● Problem to solve: Give back the whole listing word for word and skip each picture.
++++ Given information
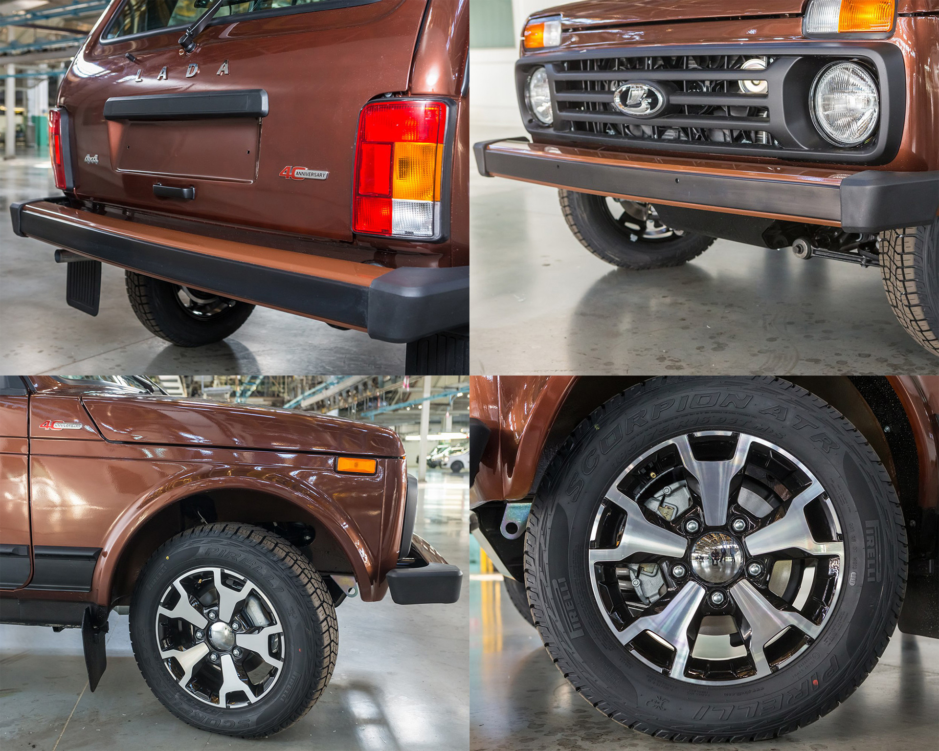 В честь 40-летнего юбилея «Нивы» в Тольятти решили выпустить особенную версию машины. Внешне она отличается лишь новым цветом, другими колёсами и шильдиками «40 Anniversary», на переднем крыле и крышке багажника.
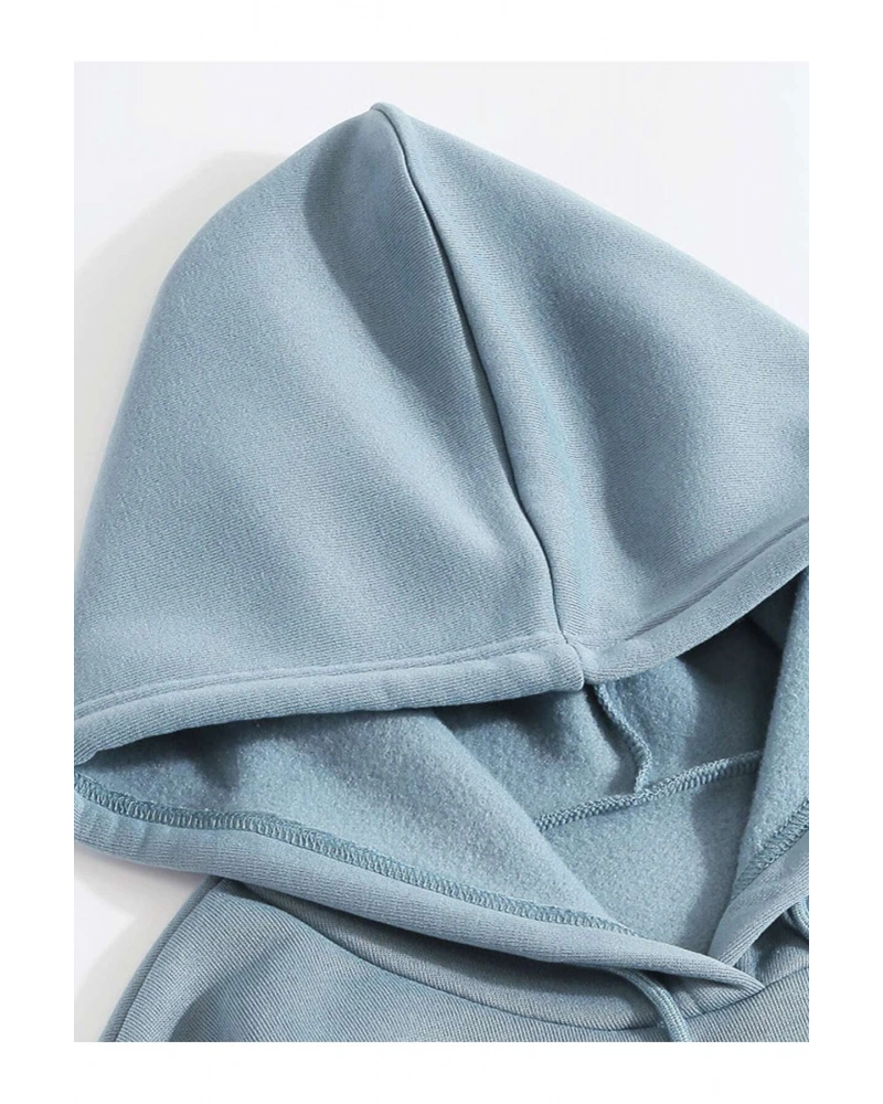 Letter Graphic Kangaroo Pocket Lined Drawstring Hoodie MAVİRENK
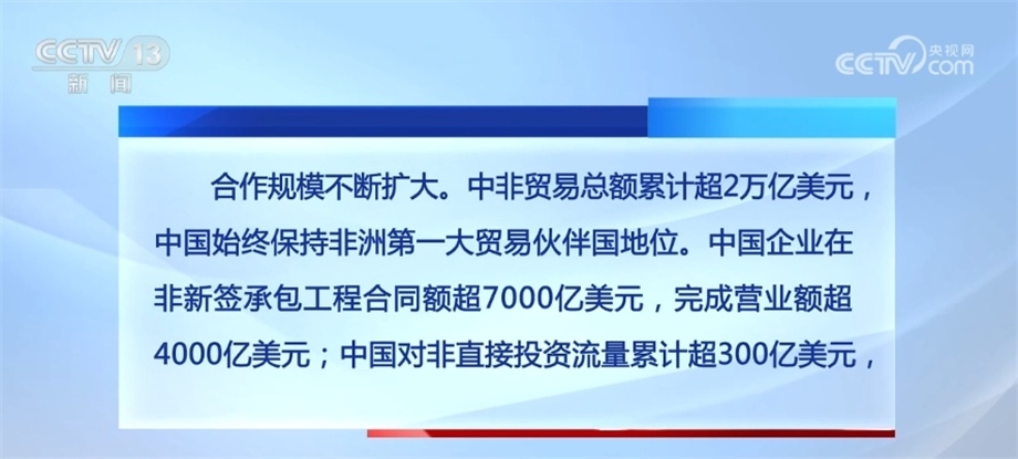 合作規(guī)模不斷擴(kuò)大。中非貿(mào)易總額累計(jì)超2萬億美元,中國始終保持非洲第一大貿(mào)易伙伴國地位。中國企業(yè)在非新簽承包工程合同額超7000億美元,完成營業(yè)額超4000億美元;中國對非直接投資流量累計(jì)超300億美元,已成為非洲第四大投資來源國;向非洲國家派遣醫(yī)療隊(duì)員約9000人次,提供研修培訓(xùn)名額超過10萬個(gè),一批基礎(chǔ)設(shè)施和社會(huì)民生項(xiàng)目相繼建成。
++++++++
● Solution to the problem:
 В честь 40-летнего юбилея «Нивы» в Тольятти решили выпустить особенную версию машины. Внешне она отличается лишь новым цветом, другими колёсами и шильдиками «40 Anniversary», на переднем крыле и крышке багажника.
 Letter Graphic Kangaroo Pocket Lined Drawstring Hoodie MAVİRENK
 合作規(guī)模不斷擴(kuò)大。中非貿(mào)易總額累計(jì)超2萬億美元,中國始終保持非洲第一大貿(mào)易伙伴國地位。中國企業(yè)在非新簽承包工程合同額超7000億美元,完成營業(yè)額超4000億美元;中國對非直接投資流量累計(jì)超300億美元,已成為非洲第四大投資來源國;向非洲國家派遣醫(yī)療隊(duì)員約9000人次,提供研修培訓(xùn)名額超過10萬個(gè),一批基礎(chǔ)設(shè)施和社會(huì)民生項(xiàng)目相繼建成。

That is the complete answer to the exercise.